**The input**:
--------------------

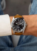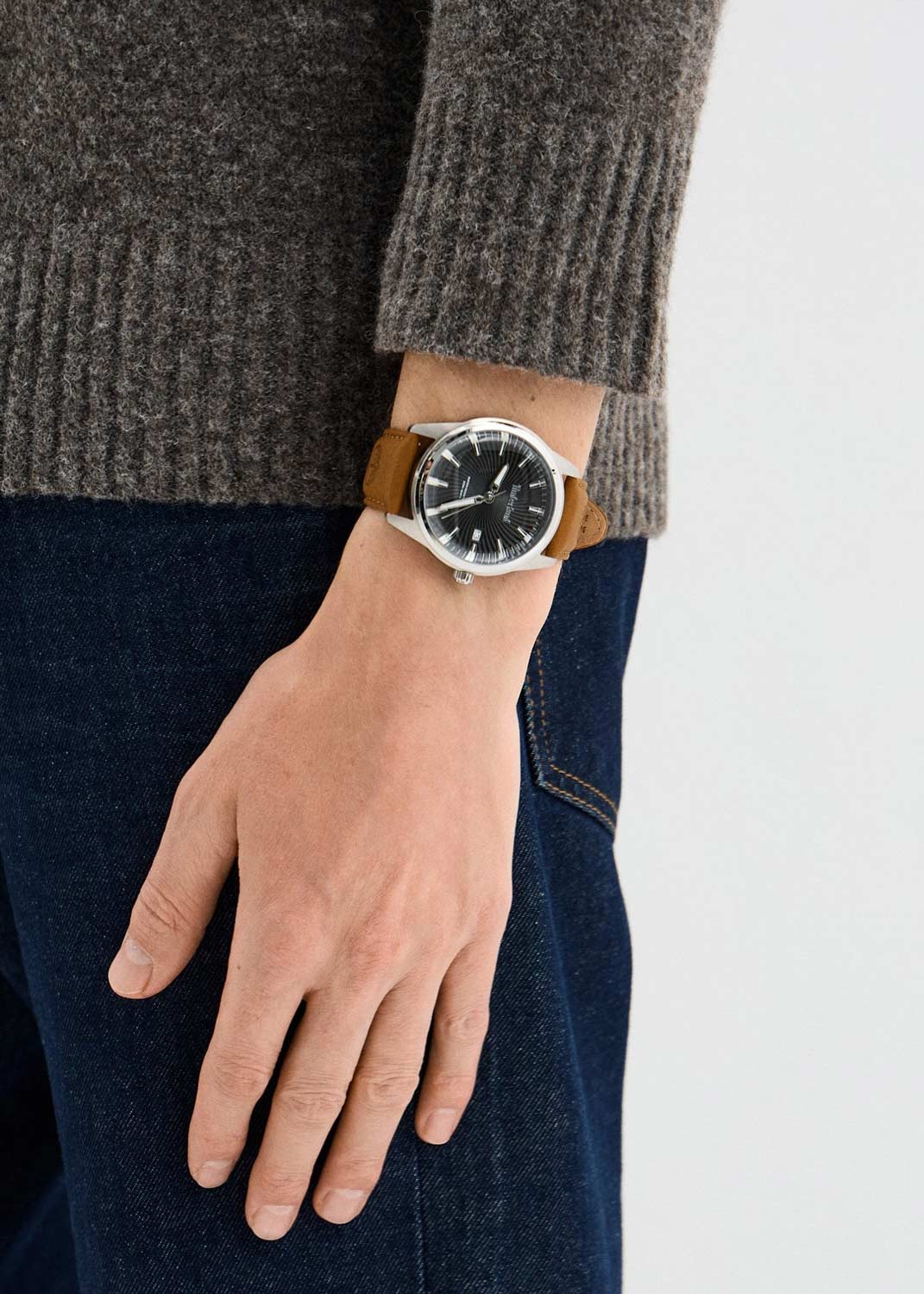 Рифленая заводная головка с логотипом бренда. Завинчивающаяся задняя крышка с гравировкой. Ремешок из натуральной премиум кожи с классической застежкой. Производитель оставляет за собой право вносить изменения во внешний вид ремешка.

--------------------

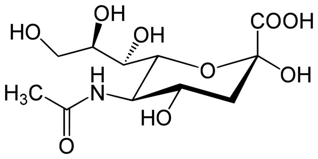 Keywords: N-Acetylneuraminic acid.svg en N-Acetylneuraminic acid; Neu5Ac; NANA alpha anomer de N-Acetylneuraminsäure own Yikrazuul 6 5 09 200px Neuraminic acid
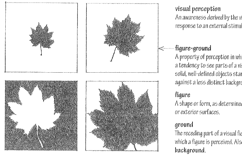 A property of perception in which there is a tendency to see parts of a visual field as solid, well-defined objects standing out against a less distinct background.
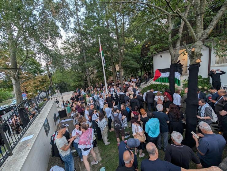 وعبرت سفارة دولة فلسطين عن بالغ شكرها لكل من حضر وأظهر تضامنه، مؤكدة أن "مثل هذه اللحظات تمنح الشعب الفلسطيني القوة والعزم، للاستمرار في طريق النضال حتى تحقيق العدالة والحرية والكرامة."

--------------------

**Your assignment**: Reproduce the lines above beginning at the line that contains "A property of" and ending at the line that contains "وعبرت سفارة دولة". No pictures.

**Task response**:
 A property of perception in which there is a tendency to see parts of a visual field as solid, well-defined objects standing out against a less distinct background.
 وعبرت سفارة دولة فلسطين عن بالغ شكرها لكل من حضر وأظهر تضامنه، مؤكدة أن "مثل هذه اللحظات تمنح الشعب الفلسطيني القوة والعزم، للاستمرار في طريق النضال حتى تحقيق العدالة والحرية والكرامة."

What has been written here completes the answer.